I have a data frame like this:
print(df)
0 1 2
0 354.7 April 4.0
1 55.4 August 8.0
2 176.5 December 12.0
3 95.5 February 2.0
4 85.6 January 1.0
5 152 July 7.0
6 238.7 June 6.0
7 104.8 March 3.0
8 283.5 May 5.0
9 278.8 November 11.0
10 249.6 October 10.0
11 212.7 September 9.0
As you can see, months are not in calendar order. So I created a second column to get the month number corresponding to each month (1-12). From there, how can I sort this data frame according to calendar months' order?

Use sort_values to sort the df by a specific column's values:
In [18]:
df.sort_values('2')
Out[18]:
0 1 2
4 85.6 January 1.0
3 95.5 February 2.0
7 104.8 March 3.0
0 354.7 April 4.0
8 283.5 May 5.0
6 238.7 June 6.0
5 152.0 July 7.0
1 55.4 August 8.0
11 212.7 September 9.0
10 249.6 October 10.0
9 278.8 November 11.0
2 176.5 December 12.0
If you want to sort by two columns, pass a list of column labels to sort_values with the column labels ordered according to sort priority. If you use df.sort_values(['2', '0']), the result would be sorted by column 2 then column 0. Granted, this does not really make sense for this example because each value in df['2'] is unique.

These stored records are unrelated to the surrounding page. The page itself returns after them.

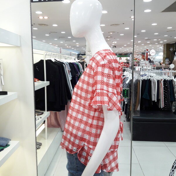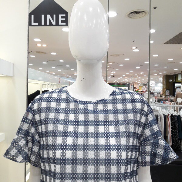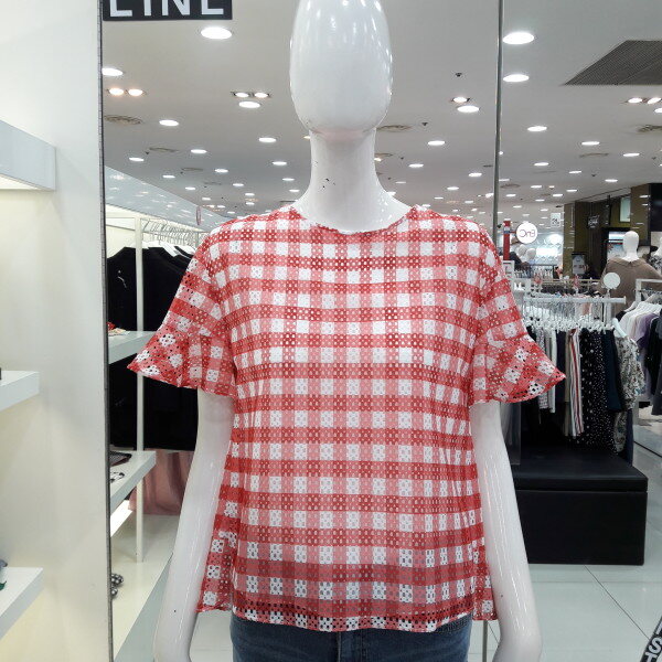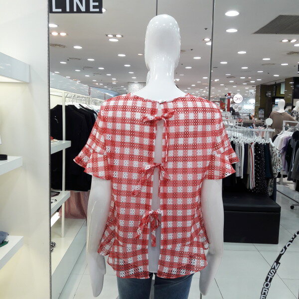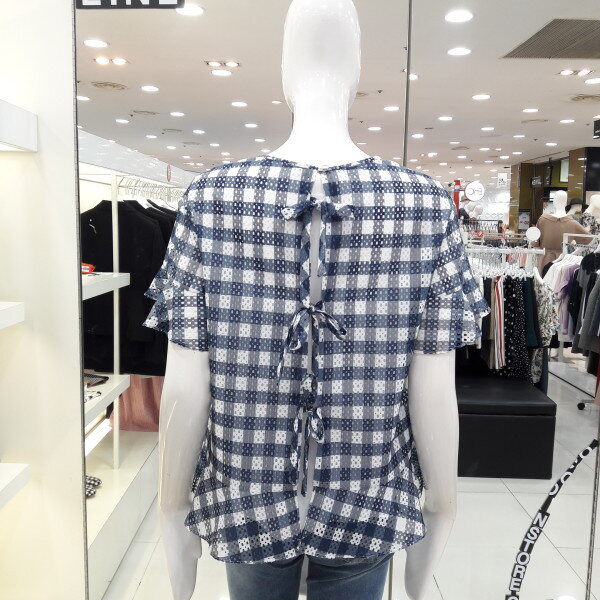 18년 여름 신상 큰체크 패턴의 시원해보이는 블라우스입니다 소매프릴과 밑단 프릴이 귀엽고 여성스러운 스타일입니다 청바지 스커트 반바지에 다 잘 어울리는 아이템입니다
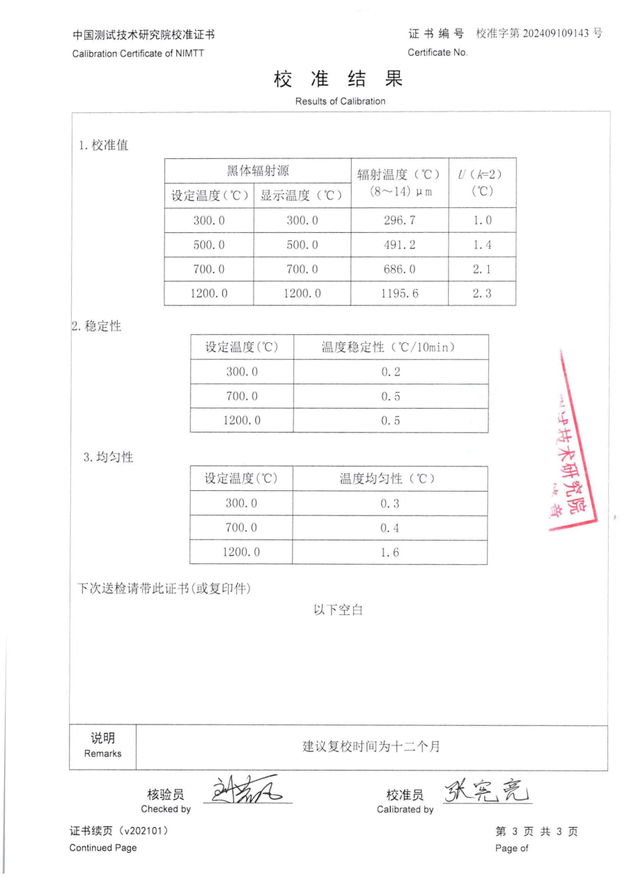 | 上一條:150面黑體校準(zhǔn)證書(shū) | 下一條:水三相點(diǎn)瓶?jī)鲋婆c保存裝置校準(zhǔn)證書(shū) |
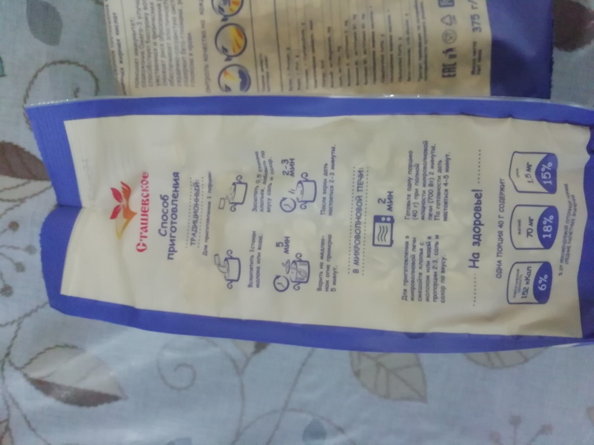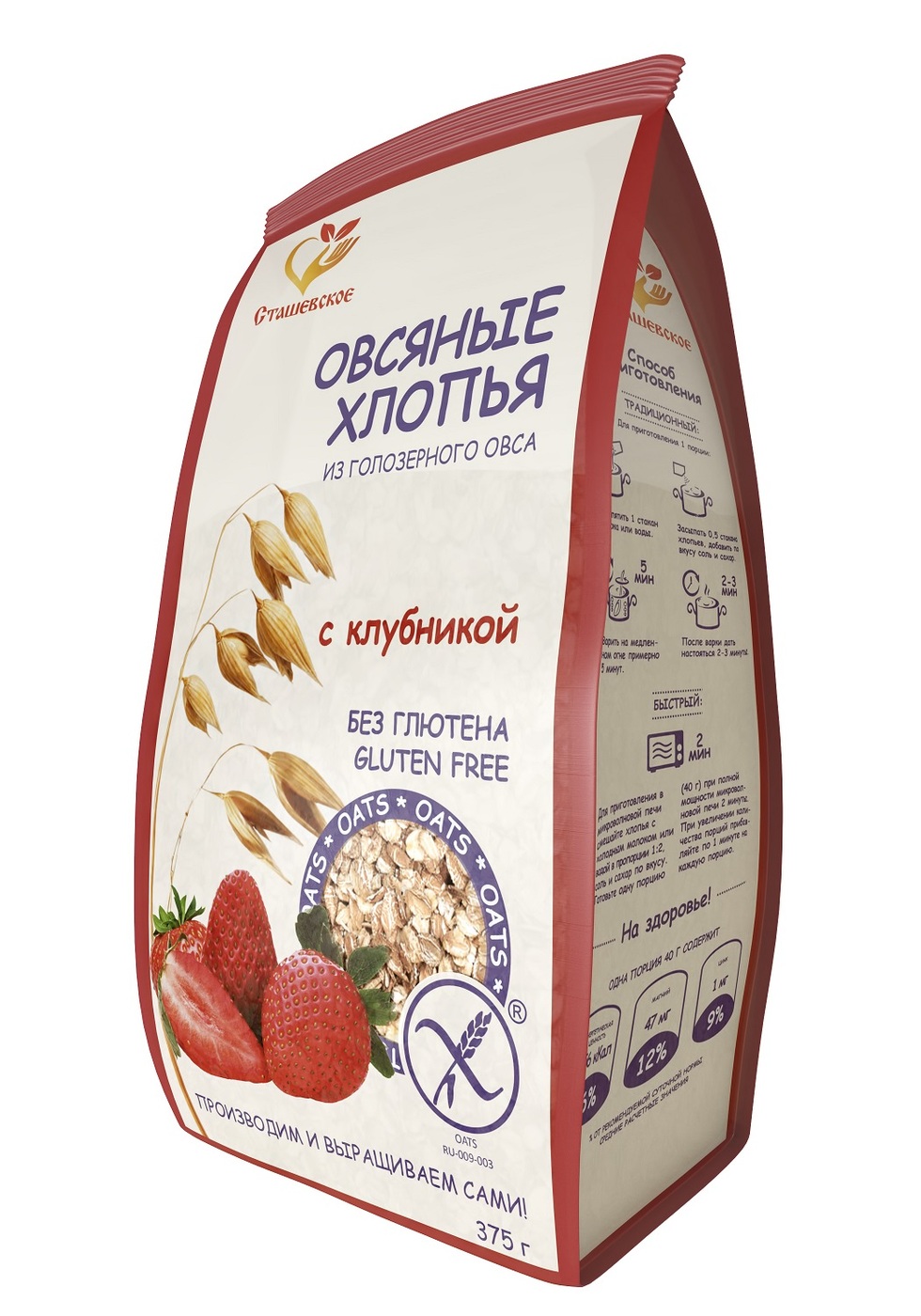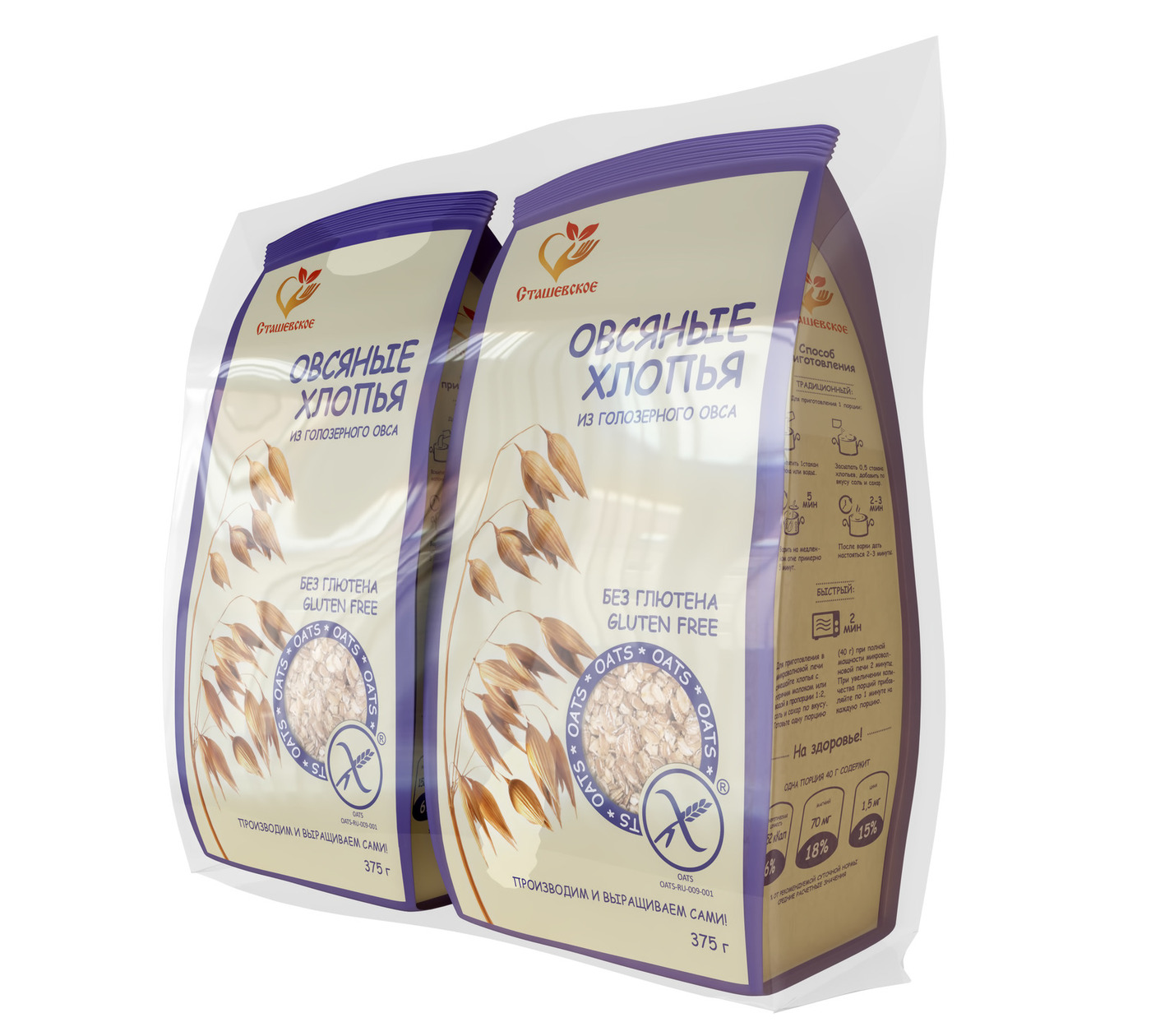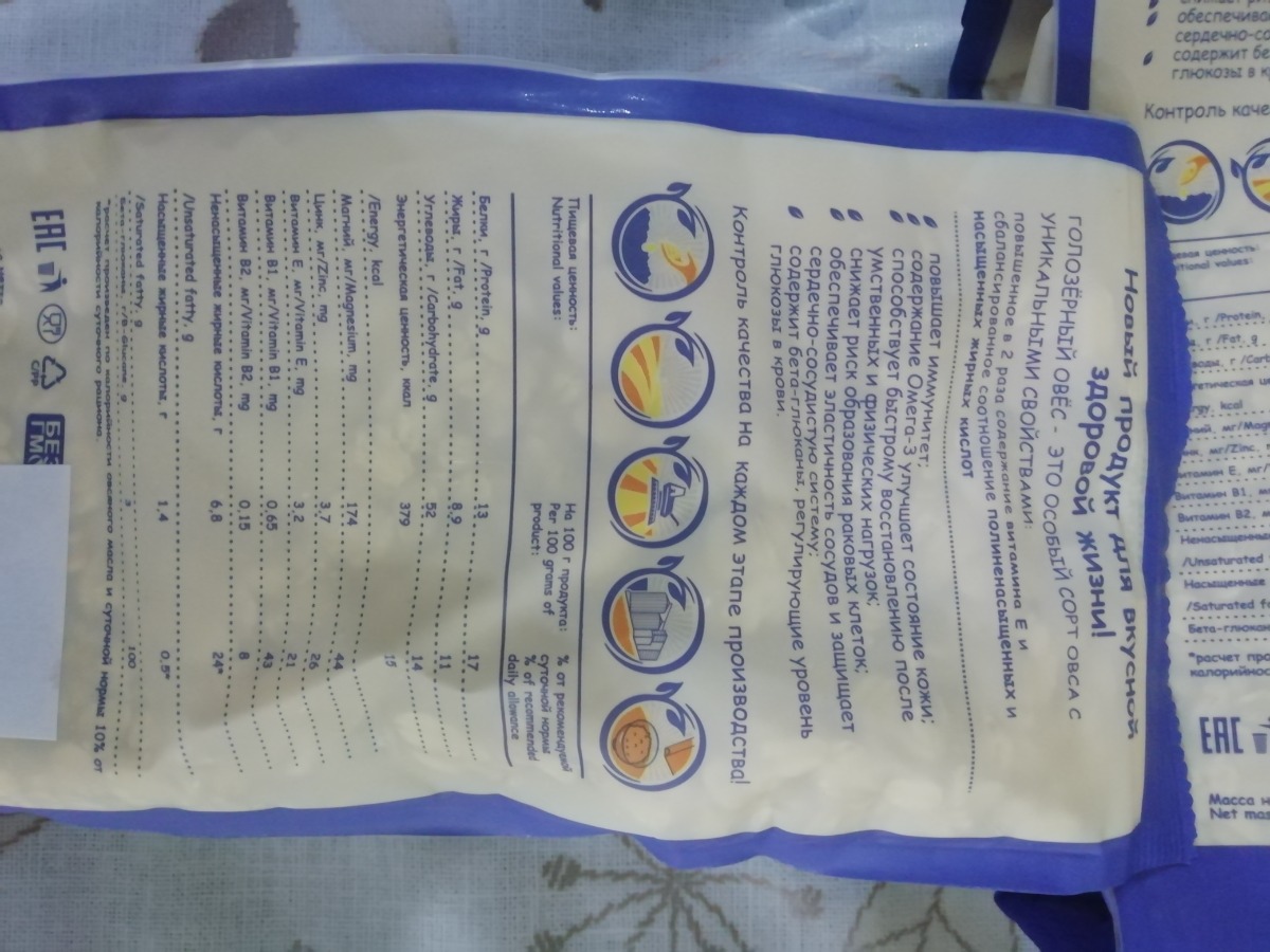 Овсяные хлопья из голозерного овса без содержания глютена, не требующие варки "Сташевское"

I tried the solutions above and I do not achieve results, so I found a different solution that works for me. The ascending=False is to order the dataframe in descending order, by default it is True. I am using python 3.6.6 and pandas 0.23.4 versions.
final_df = df.sort_values(by=['2'], ascending=False)
You can see more details in pandas documentation here.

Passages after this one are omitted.